Exercise brief: Your copy should repeat the data that follows exactly and contain no image.

Provided data:
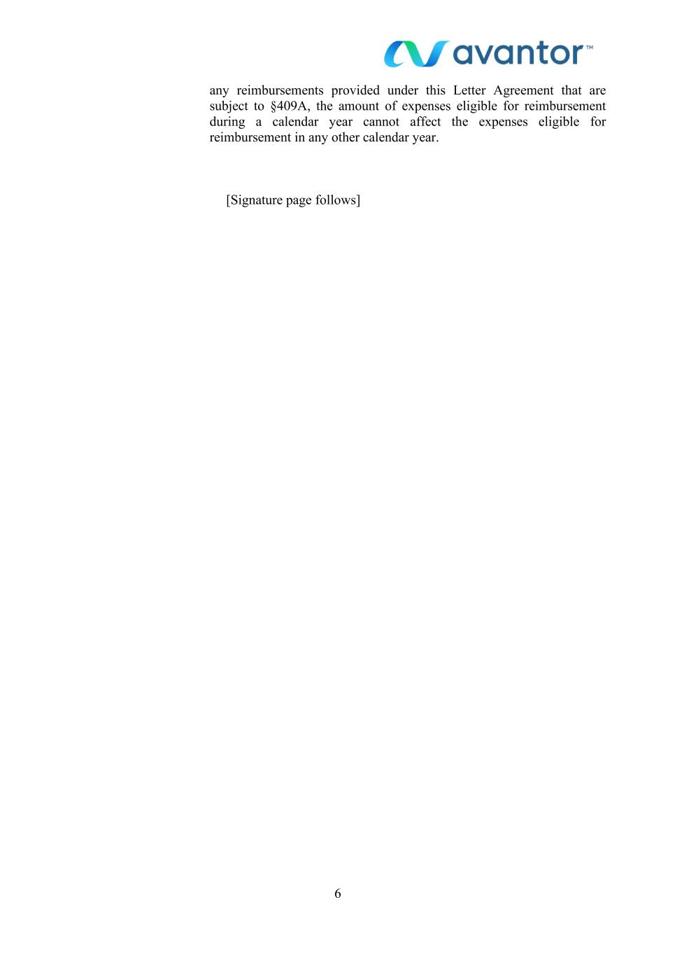 在您受雇于Avantor之后的5次就业。在符合上述通知要求的情况下,您或Avantor均可随时终止与Avantor的雇佣关系。除本遣散费/限制性契约部分的上述规定外,在您终止与Avantor的雇佣关系后,您将无权从Avantor获得任何其他工资、蚂蚁形式的补偿或福利,除非Avantor的员工福利计划中另有具体规定或适用法律另有明确要求。尽管本文有任何相反的规定,如果由于您被定性为Avantor的“特定雇员”(在财政部条例第1.409A-1(i)条的含义内),根据本协议到期的任何付款将使您根据经修订的1986年《国内税收法典》(“法典”)第409A条被征收的任何税款,则此种否则会导致此类税款的付款应在您“离职”后的第一个工作日即一百八十(180)天(在法典第409A条及其下的条例的含义内)一次性支付,及任何余下款项将根据本条前述条文支付。个人服务协议:作为与公司订立本函件协议的条件,您应签署并同意受个人服务、保密和发明协议的约束,其格式如本协议所附,作为附件 A。整个协议:本函件协议,(包括本协议所附的任何附件)以及上述提及的个人服务、保密和发明协议载列了您与Avantor之间就本协议及其标的事项的全部谅解,并取代和优先考虑贵公司与Avantor之间就本协议及其标的事项事先达成的一切口头或书面谅解和协议,该谅解和协议终止,并自本函件协议执行时起不再生效。本函件协议,以及您在本协议项下的所有权利和义务,不得由您转让或委托。你方违反前述规定所进行的任何声称的转让、转授,自发生之日起无效,不具有效力和效力。本信函协议可由Avantor转让给作为Avantor几乎所有业务运营的利益继承者的个人或实体,或转让给Avantor的子公司或关联公司。此次转让后,Avantor在本协议项下的权利和义务即成为该子公司、关联方或继承人或实体的权利和义务。守则第409A条:本信函协议将被解释为根据守则第409A条避免任何税款。就§ 409a而言,根据本信函协议支付的每笔款项将被视为单独的付款。关于
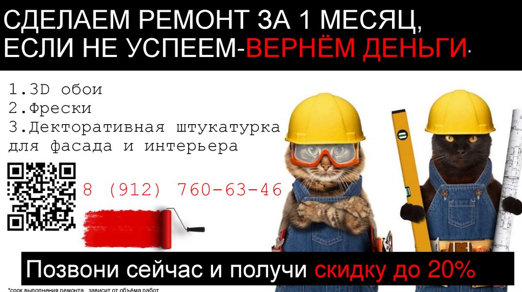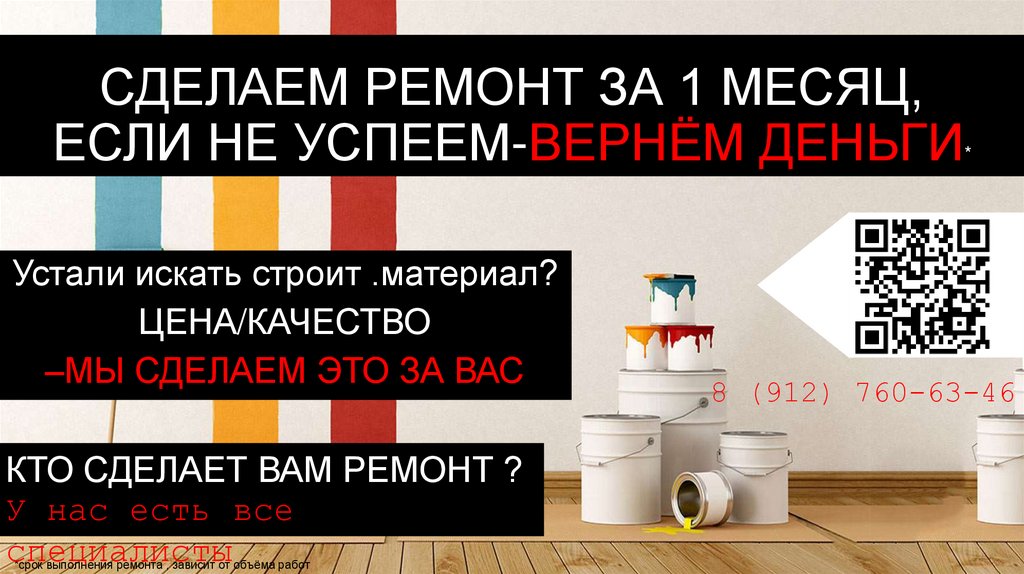 Сделаем ремонт за 1 месяц, если не успеем-вернём деньги
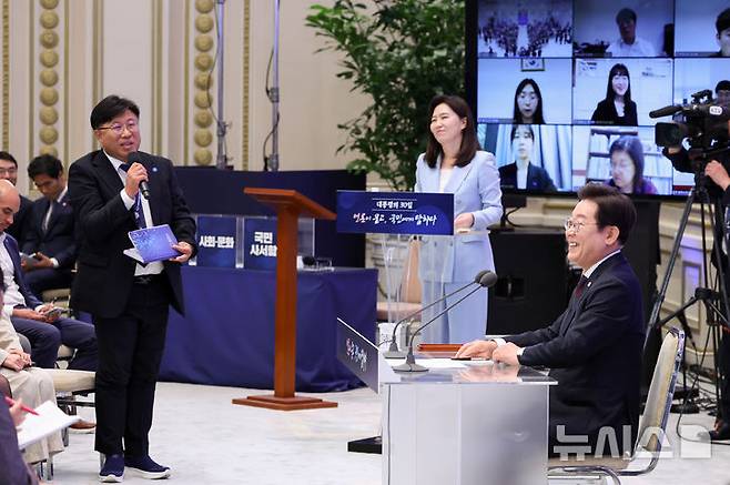 [서울=뉴시스] 고범준 기자 = 이재명 대통령이 3일 청와대 영빈관에서 열린 '대통령의 30일, 언론이 묻고 국민에게 답하다' 기자회견에서 출입기자의 질문을 듣고 있다. (대통령실통신사진기자단) 2025.07.03. bjko@newsis.com
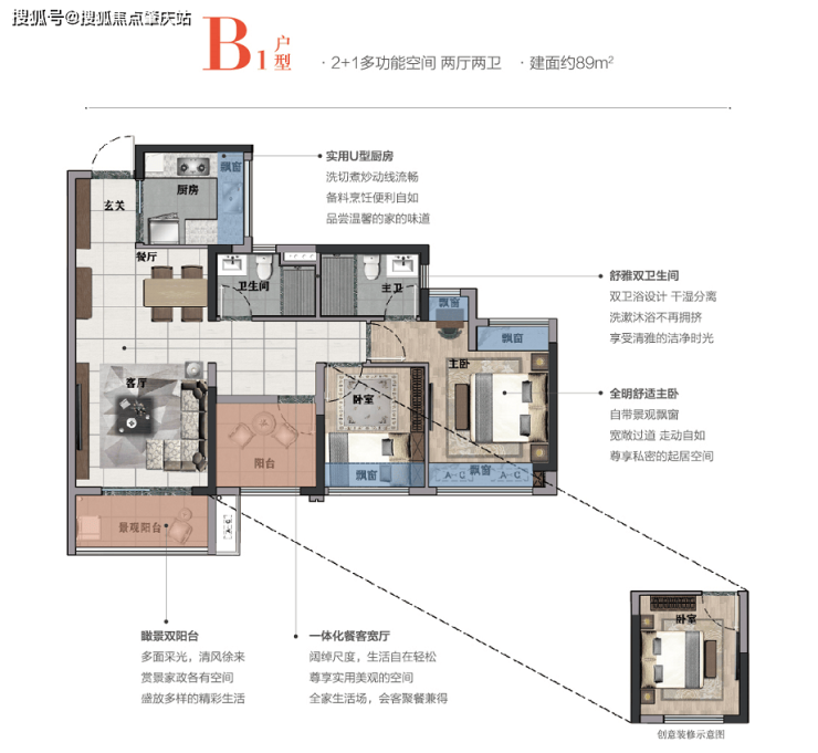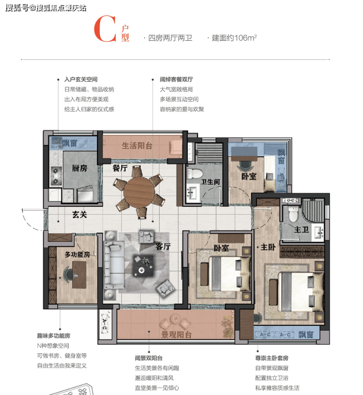 高层:北滘惟一全四开间朝南打造,82-104㎡高赠送率带装3-4房,超高使用率
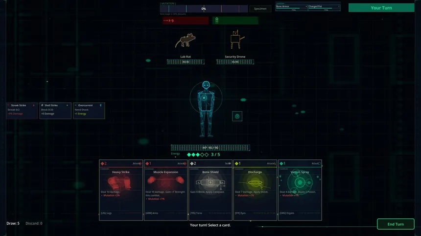 A roguelike deckbuilder where you gamble with your own genes. Every card played mutates your body. Every defeat triggers unpredictable mutations. Become a different monster every run. Losing has never been this fun.
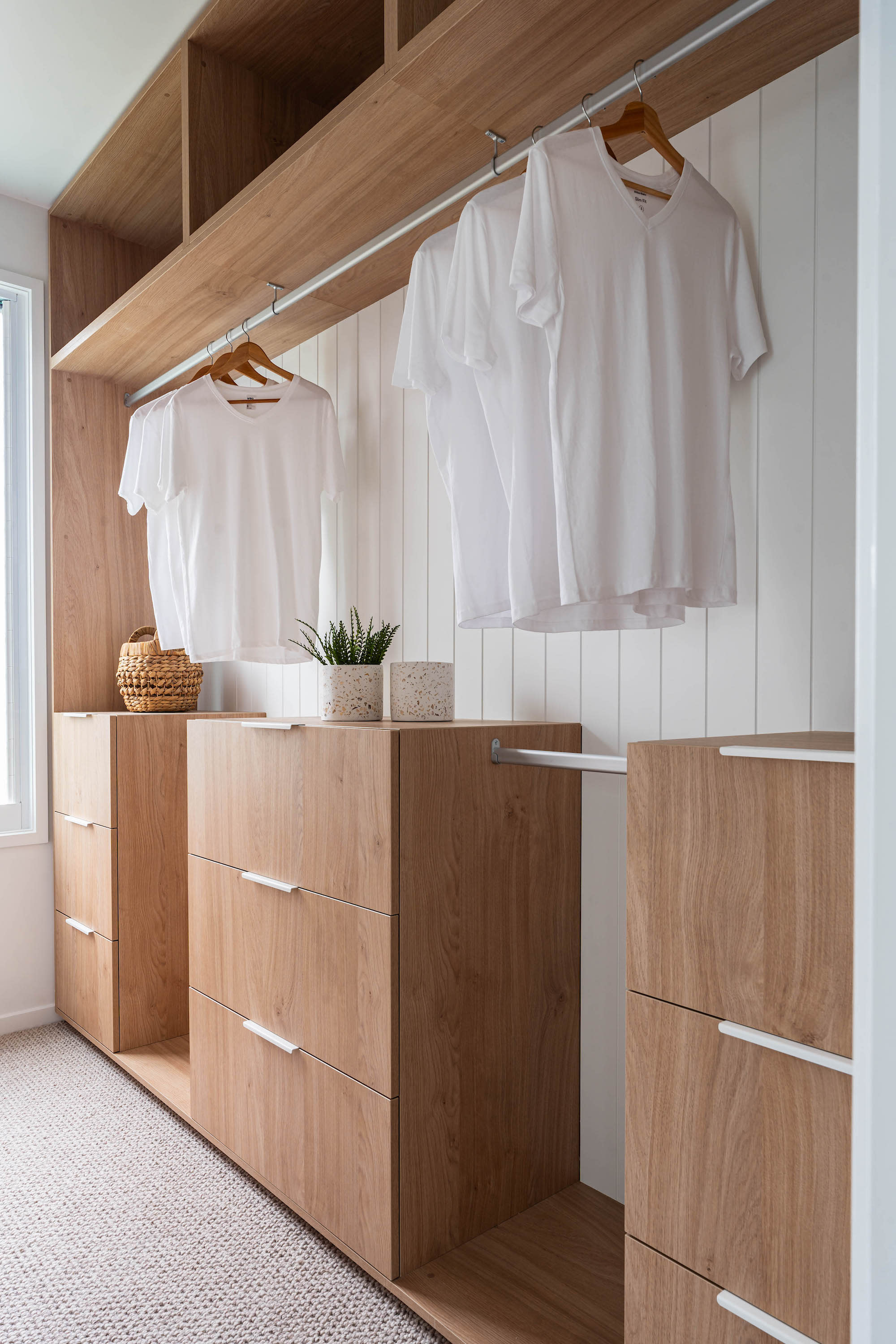 We chose VJ panelling and a coastal-inspired colour palette to create a serene and inviting atmosphere – capturing the essence of a beachside retreat.
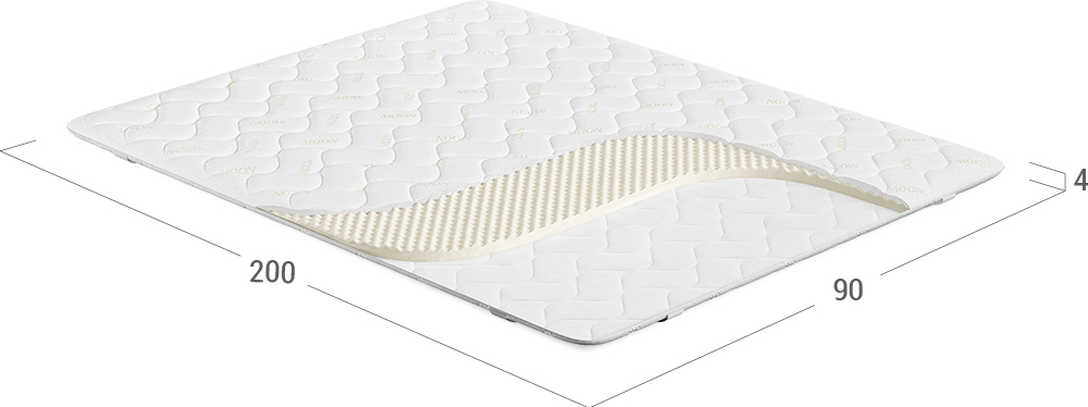 В основе топпера — плотная пена Comfortfoam massage, которая воздействует как множество микропружин, обеспечивая упругую поддержку тела, снимает лишнюю нагрузку с мышц и помогает расслабиться. Ячеистая резка пены оказывает легкий массажный эффект и улучшает кровообращение.

Solution to this task:
 在您受雇于Avantor之后的5次就业。在符合上述通知要求的情况下,您或Avantor均可随时终止与Avantor的雇佣关系。除本遣散费/限制性契约部分的上述规定外,在您终止与Avantor的雇佣关系后,您将无权从Avantor获得任何其他工资、蚂蚁形式的补偿或福利,除非Avantor的员工福利计划中另有具体规定或适用法律另有明确要求。尽管本文有任何相反的规定,如果由于您被定性为Avantor的“特定雇员”(在财政部条例第1.409A-1(i)条的含义内),根据本协议到期的任何付款将使您根据经修订的1986年《国内税收法典》(“法典”)第409A条被征收的任何税款,则此种否则会导致此类税款的付款应在您“离职”后的第一个工作日即一百八十(180)天(在法典第409A条及其下的条例的含义内)一次性支付,及任何余下款项将根据本条前述条文支付。个人服务协议:作为与公司订立本函件协议的条件,您应签署并同意受个人服务、保密和发明协议的约束,其格式如本协议所附,作为附件 A。整个协议:本函件协议,(包括本协议所附的任何附件)以及上述提及的个人服务、保密和发明协议载列了您与Avantor之间就本协议及其标的事项的全部谅解,并取代和优先考虑贵公司与Avantor之间就本协议及其标的事项事先达成的一切口头或书面谅解和协议,该谅解和协议终止,并自本函件协议执行时起不再生效。本函件协议,以及您在本协议项下的所有权利和义务,不得由您转让或委托。你方违反前述规定所进行的任何声称的转让、转授,自发生之日起无效,不具有效力和效力。本信函协议可由Avantor转让给作为Avantor几乎所有业务运营的利益继承者的个人或实体,或转让给Avantor的子公司或关联公司。此次转让后,Avantor在本协议项下的权利和义务即成为该子公司、关联方或继承人或实体的权利和义务。守则第409A条:本信函协议将被解释为根据守则第409A条避免任何税款。就§ 409a而言,根据本信函协议支付的每笔款项将被视为单独的付款。关于
 Сделаем ремонт за 1 месяц, если не успеем-вернём деньги
 [서울=뉴시스] 고범준 기자 = 이재명 대통령이 3일 청와대 영빈관에서 열린 '대통령의 30일, 언론이 묻고 국민에게 답하다' 기자회견에서 출입기자의 질문을 듣고 있다. (대통령실통신사진기자단) 2025.07.03. bjko@newsis.com
 高层:北滘惟一全四开间朝南打造,82-104㎡高赠送率带装3-4房,超高使用率
 A roguelike deckbuilder where you gamble with your own genes. Every card played mutates your body. Every defeat triggers unpredictable mutations. Become a different monster every run. Losing has never been this fun.
 We chose VJ panelling and a coastal-inspired colour palette to create a serene and inviting atmosphere – capturing the essence of a beachside retreat.
 В основе топпера — плотная пена Comfortfoam massage, которая воздействует как множество микропружин, обеспечивая упругую поддержку тела, снимает лишнюю нагрузку с мышц и помогает расслабиться. Ячеистая резка пены оказывает легкий массажный эффект и улучшает кровообращение.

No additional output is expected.